Fixing the Economy Requires Giving Power to People Who Answer to the Public
The new Biden administration has promised to repair the health of democracy and the economy. While the president pledges to reverse the erosion of democratic norms that culminated in the last, violent gasps of the Trump presidency, he has also criticized an American economy that for too long has rewarded “wealth over work.”
Repairing our democracy and rebuilding the economy go hand in hand. Democracy is not just about bowing to legitimate electoral outcomes, or civility in public life — it is also about the exercise of power in the economy. Unfortunately, the link between capitalism and democracy has been broken for more than four decades. At the root of this problem is the U.S. Federal Reserve, a government agency that stands outside of democratic politics. Forty years ago, the Fed became the most powerful institution in American economic life.

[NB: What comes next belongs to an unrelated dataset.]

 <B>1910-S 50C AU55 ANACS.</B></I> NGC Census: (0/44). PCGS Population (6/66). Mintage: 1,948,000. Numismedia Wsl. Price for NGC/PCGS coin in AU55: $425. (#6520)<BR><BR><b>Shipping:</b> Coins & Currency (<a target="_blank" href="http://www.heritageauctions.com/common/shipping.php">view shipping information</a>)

Its history reveals just how much work there is to do for the new administration.
In 1981, Ronald Reagan was inaugurated president. In hindsight, Reagan’s victory seemed to usher in many economic trends that still shape American life, from the rise of Wall Street and Silicon Valley to increasing economic inequality.
But what first initiated these developments actually began months before Reagan’s inauguration: subsequent tax cuts and market deregulations. In 1979, President Jimmy Carter appointed Paul Volcker as chair of the Federal Reserve, America’s central bank.

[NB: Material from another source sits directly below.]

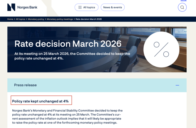 【导读】挪威央行维持基准利率在4%不变

At the time, Americans were suffering from double-digit inflation, which government had failed to tackle. Soaring inflation ate into the value of savings and wages. Many commentators, left to right, blamed the popular pressures of “democracy” — people expected too much from the economy and economic policymaking — for the crisis.
With Volcker in charge, the Fed raised interest rates to the stratosphere to stop prices from skyrocketing. But the high interest rates of the “Volcker shock” also choked off credit and enterprise, leading to a sharp recession that helped bring Reagan to office. Once there, Reagan left the Fed alone. When Volcker reduced rates in 1982, inflation had been quelled and a new economic era began.
The Volcker shock transformed patterns of capital investment. First, high interest rates compelled businesses to prioritize short-term profits over long-term investments, such as by parking cash in banks to earn profits on Volcker’s high interest rates, rather than investing in their businesses and hiring workers. This crushed manufacturing communities in the Northeast and Midwest.